About this task: Leaving out every picture, retype the lines below from the top through the one that contains "Blouse Wanita Oversaize".

Provided data:
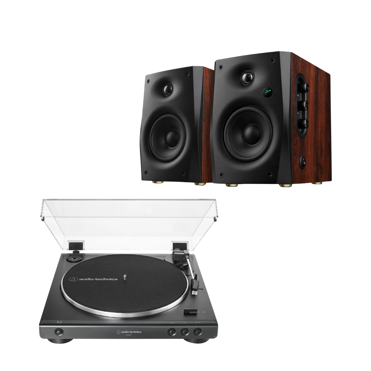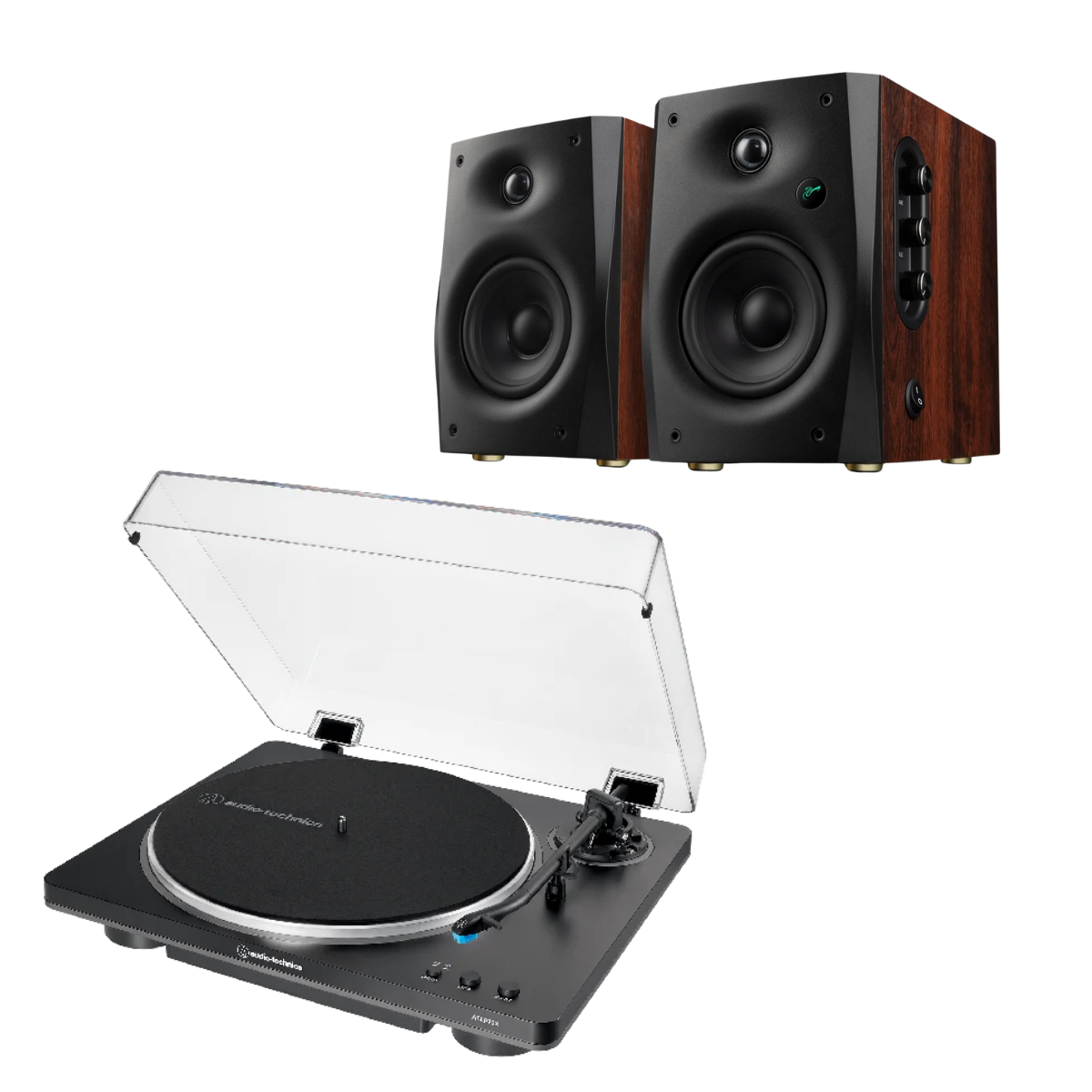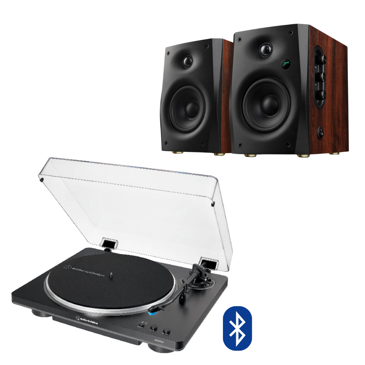 Tornamesa AT-LP60X + parlantes D1100 con Bluetooth y RCA.
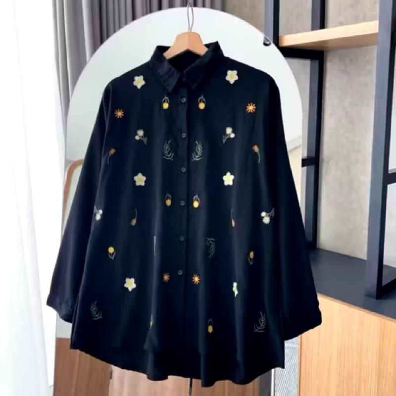 Blouse Wanita Oversaize Bahan Linen Remi Premium Kemeja Bordir wanita Terbaru
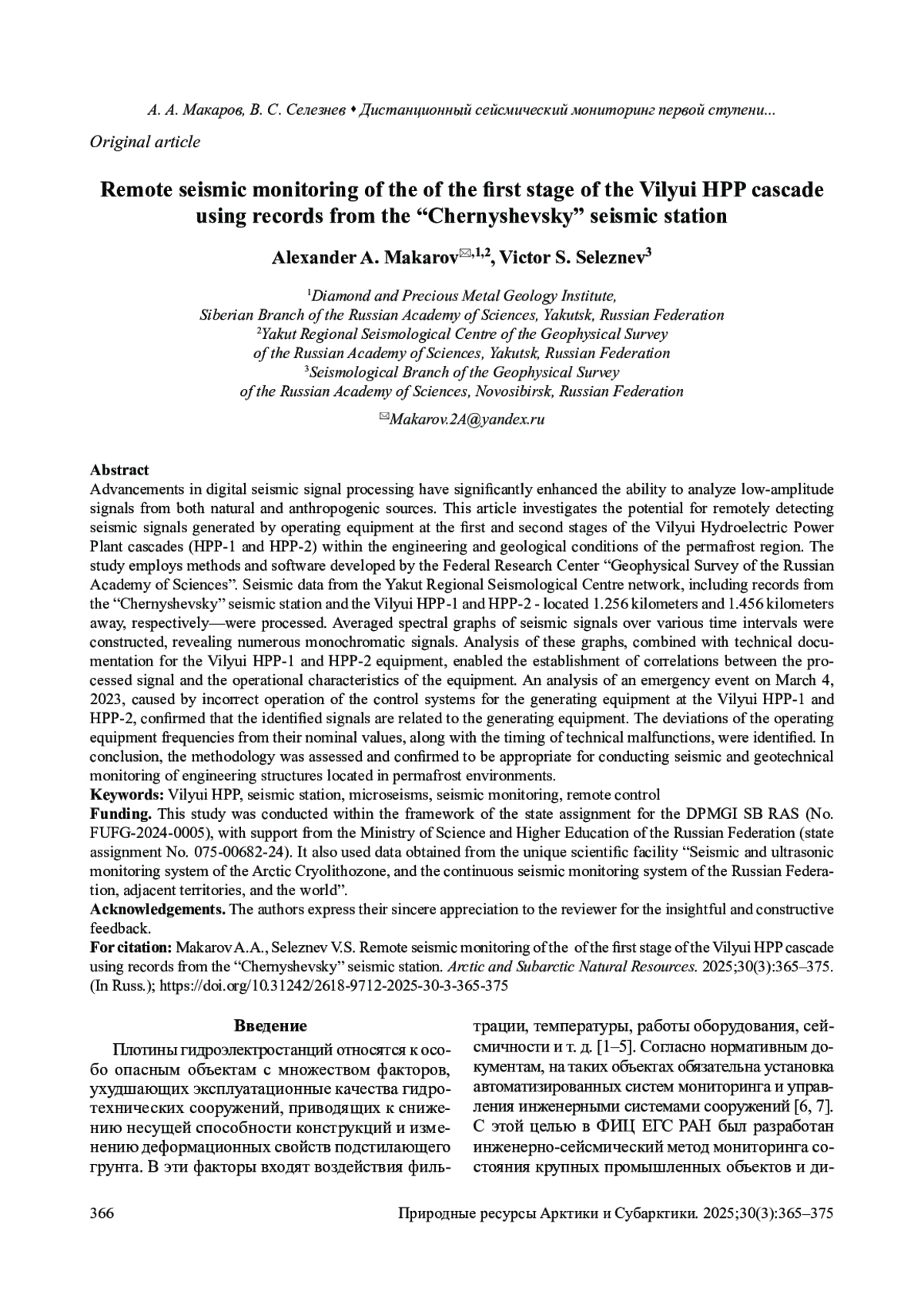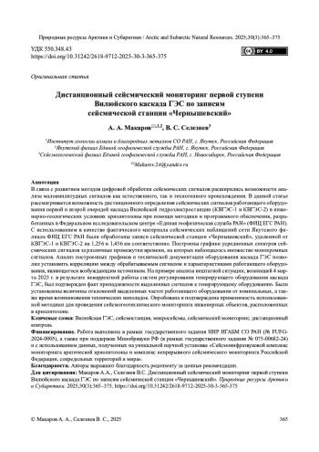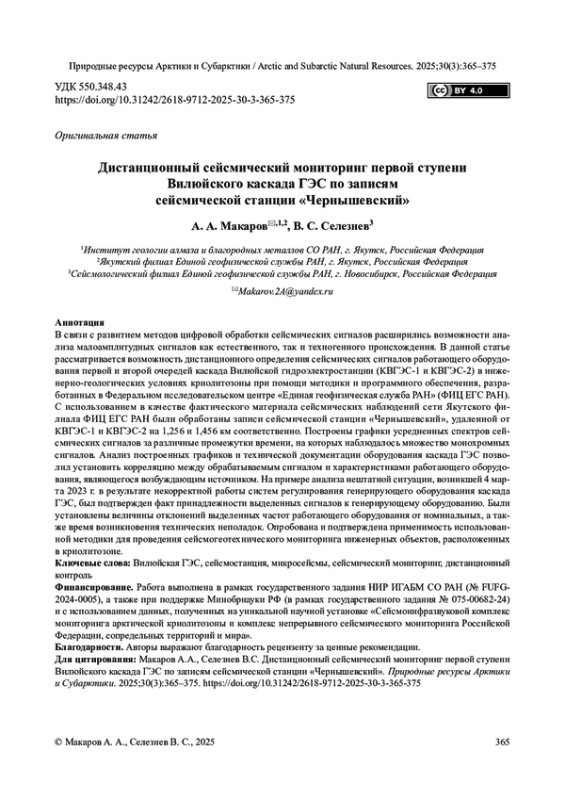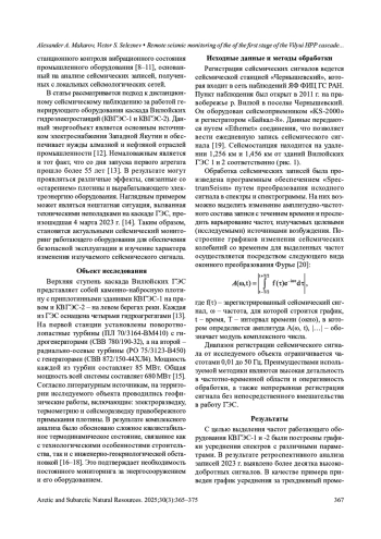 В связи с развитием методов цифровой обработки сейсмических сигналов расширились возможности анализа малоамплитудных сигналов как естественного, так и техногенного происхождения. В данной статье рассматривается возможность дистанционного определения сейсмических сигналов работающего оборудования первой и второй очередей каскада Вилюйской гидроэлектростанции (КВГЭС-1 и КВГЭС-2) в инженерно-геологических условиях криолитозоны при помощи методики и программного обеспечения, разработанных в Федеральном исследовательском центре «Единая геофизическая служба РАН» (ФИЦ ЕГС РАН). С использованием в качестве фактического материала сейсмических наблюдений сети Якутского филиала ФИЦ ЕГС РАН были обработаны записи сейсмической станции «Чернышевский», удаленной от КВГЭС-1 и КВГЭС-2 на 1,256 и 1,456 км соответственно. Построены графики усредненных спектров сейсмических сигналов за различные промежутки времени, на которых наблюдалось множество монохромных сигналов. Анализ построенных графиков и технической документации оборудования каскада ГЭС позволил установить корреляцию между обрабатываемым сигналом и характеристиками работающего оборудования, являющегося возбуждающим источником. На примере анализа нештатной ситуации, возникшей 4 марта 2023 г. в результате некорректной работы систем регулирования генерирующего оборудования каскада ГЭС, был подтвержден факт принадлежности выделенных сигналов к генерирующему оборудованию. Были установлены величины отклонений выделенных частот работающего оборудования от номинальных, а также время возникновения технических неполадок. Опробована и подтверждена применимость использованной методики для проведения сейсмогеотехнического мониторинга инженерных объектов, расположенных в криолитозоне.
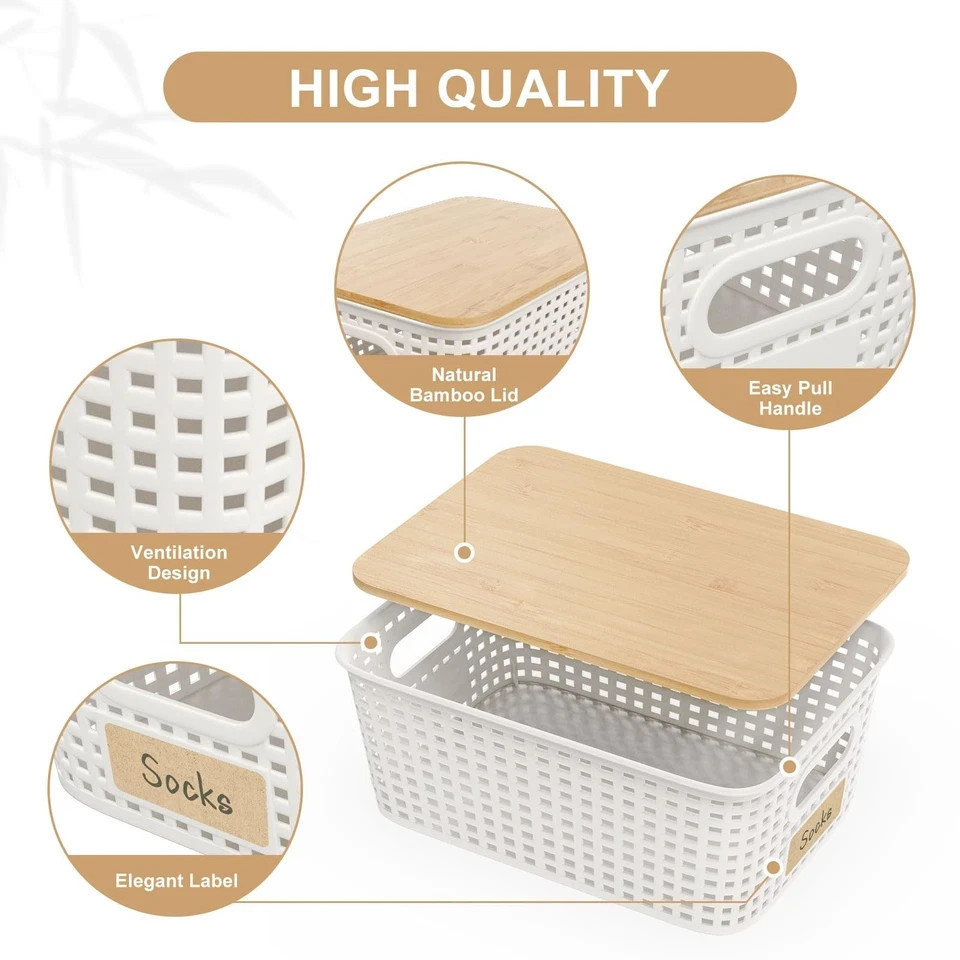 100% Money Back Guarantee if you are not satisfied with your purchase! ___________________ Description: Our 6 pack small storage bins with lids is the perfect solution for clutter. Featuring natural bamboo lids and a compact 【10"L x 7.1"W x 4.1"H】 size, each storage container offers a 5-quart capacity. BPA-free and non-toxic, our cute storage organizers are perfect for use as storage baskets on shelves, in cabinets, in classrooms, under sink, and other tight spaces. Ideal for organizing pantry items, office and art supplies, cosmetics and medications, or craft material. 【Multi-Purpose Organization and Storage Solution】Achieve complete organization and storage for your entire home. These versatile storage bins with lids are perfect for every small space: use these storage bins for snacks in the kitchen, storage bins for toiletries in the bathroom, storage bins for accessories in the closet. The secure lids keep everything dust-free and looking neat. 【Stackable Storage Basket with Lid for Saving Space】This mini storage basket with lid is designed for efficiency. The stackable design allows you to maximize vertical space on your shelves. When not in use, the bins nest together for compact storage. Side handles make it easy to carry this plastic storage basket with lids from room to room. 【Vented & Labeled for Easy Categorization】Our storage bins with lids feature a vented design to keep contents fresh and prevent odors. These storage bins includes 15 adhesive labels for effortless categorization. Made from easy-clean plastic, maintaining your new organized system is simple. 【The Perfect Gift for an Organized Home】Ready to gift! This stylish and functional set of plastic lidded storage bins comes beautifully wrapped. It's the ideal present for anyone who loves a clutter-free home, making it a hit for holidays, housewarmings, and birthdays. ________________________ 100% Money Back Guarantee: We offer 30 Day Money Back Guarantee from the day you purchased if you’re not satisfied with your product. If you have any questions about our products, please contact us as soon as possible. Customer satisfaction is our absolute priority. Shipping: We are always working hard to ensure your package arrives as soon as possible. Please understand that some factors like weather, high postal traffic, and the performance of shipping companies are outside of our control. We offer free shipping to the lower 48 states and ship within 3 business days of payment, usually sooner. We do not accept P.O. Boxes. Please provide a physical address. You will be notified via eBay messages as soon as your items ship. Delivery: We will ship out the item in 2-3 working day after receiving the payment. Usually the delivery takes 2-5 business days. If you don't receive the items after 10 days, please feel free to contact us. You will get a replacement or a full refund. Please DO NOT open a return request or leave negative feedback without asking for help . Returns (Get Free Return Label): We offer a 30-Day Return Policy on defective/wrong items or items which you are not completely satisfied with. You have the option for a full-refund or an exchange of the item. No need to buy eBay return label. Contact us via eBay messages and get free return label. Returned items must be in all of the original packaging and include all of the original accessories or items that came with it. The item and package should be in original condition. Contact Us: Any queries or issues incurred, please feel free to contact us via eBay message, we will get back to you within 24 hours. Please DO NOT open a return request or leave negative feedback without asking for help. Feedback: Your feedback is very important to us. After you get your package and you are satisfied with our service, please leave us positive feedback. We are highly appreciated for your POSITIVE feedback and 5 stars. Enjoy shopping.

Expected answer:
 Tornamesa AT-LP60X + parlantes D1100 con Bluetooth y RCA.
 Blouse Wanita Oversaize Bahan Linen Remi Premium Kemeja Bordir wanita Terbaru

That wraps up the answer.